Road Trip — Prison
One of the reasons I chose to drive to California was to visit a friend in Prison. It turns out that she moved to a different prison, right before I left on my trip, to a prison about 20 minutes from Orange, where I was going…. I am still glad I drove, however, it was fully worth it!!
I met Dani through the prison ministry at my church in Orange. We have been corresponding for about a year and a half. She is about my age and has been in prison most of her life. She was born into a family that didn’t care much for her… she was a prime case for the life she ended up living. However, to speak to her about it today, she’ll tell you that she is thankful for prison because she met Jesus there!! Now, God gives her opportunities every day to share His love with others while she is there.
This was the first time I would visit Dani alone and I wondered if we would have enough to talk about. Well, we greeted (after a long, drawn-out actual entry into the prison, but that’s another story!!) and we didn’t stop talking for a full 2 hours, when visiting hours were over. God has shown me more of Himself through my relationship with Dani. She tells me stories of things I never knew, and then tells me things God is doing that I’ve only read about in the Bible. I remember the first time I went to visit her, I came away actually longing to go to prison so I could know Jesus like that!!! I am actually quite thankful that God hasn’t answered that longing…. but it was impressive to see her faith.
I have read about people in jail, but it brings it all to a head when you actually cross the lines and go in. Before I met Dani, I had only been in one prison in my life and that was when I lived in Honduras. We had a team come down and they wanted to visit a men’s prison and I was in charge of outreach, so I found myself leading a group of about 10 men from the states into a men’s prison in Central America…. all 5′4” and 120lbs of me!!! I have to confess, I wasn’t afraid at all!! Part of that is my personality, but part of it was that I was surrounded by all these men protecting me from all those men!! It was great.

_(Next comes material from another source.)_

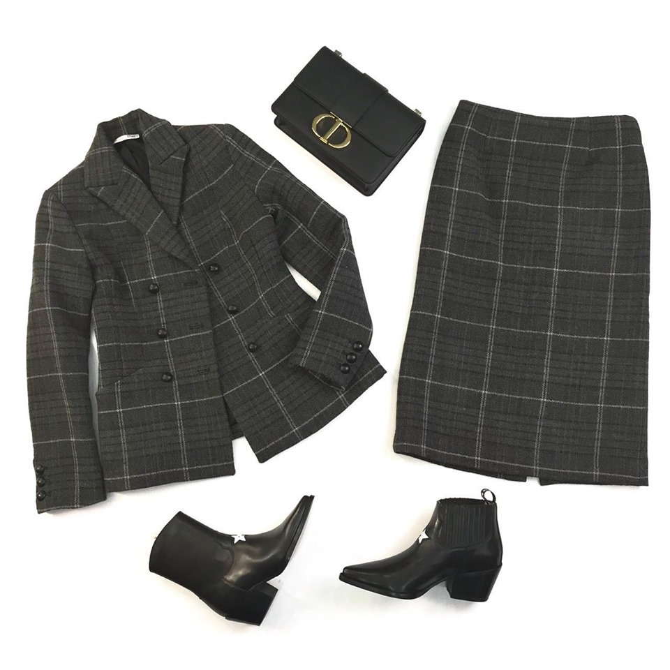 Костюм женский Christian Dior LUX-20233 – это элегантный и стильный комплект, состоящий из пиджака и юбки. Дизайн в клетку придает ему классический, но в то же время актуальный вид. Этот костюм идеально подходит для создания утонченных образов в деловом или повседневном стиле.
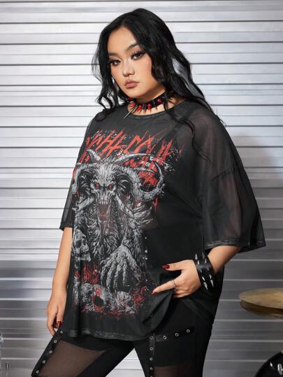 ROMWE Grunge Punk Punk Skeleton Print See-Through Loose Plus Size T-Shirt - Black - View 1

When we actually got in, in retrospect, I should have been scared to death… but it was actually an amazing experience. All these hard-core men were in this open courtyard and they actually had a service with a guy leading worship (basically a guy standing there with a guitar) and these guys were prais’n the Lord… I really didn’t want to leave!!!
Then, years later, I met Dani. Prison is an experience that tosses about your mind-set. I remember thinking…. These are just women…. women, just like me…. who are here for what-ever reason, but they are just women. I couldn’t get that out of my head. Only by the grace of God am I not there. I have the same woman-ness as they do. I bleed the same blood, I cry the same tears, yet they are paying for their sins in a way that I am not. The whole concept will make you think.
Dani is a shining star and I love her. God has done a work in her heart that you only read about. I am thankful that I know her. God bless the last ones, the ones we don’t think about very often. God bless the journey and the recovery. God bless the broken-ness in all of us.
God, open our eyes to see our similarities, instead of our differences.


Adam 12:06 pm on July 11, 2006 Permalink |
I’m missing your thoughts.
Cyndee 7:54 pm on July 14, 2006 Permalink |
Wow, someone really reads this!! Thanks, Adam… I’m here. I’ve just been amazingly swamped with work and travel. I am here sporadically for a few weeks and should be more consistent come September!! Thanks for reading. I need to jump over and catch up on you guys too!!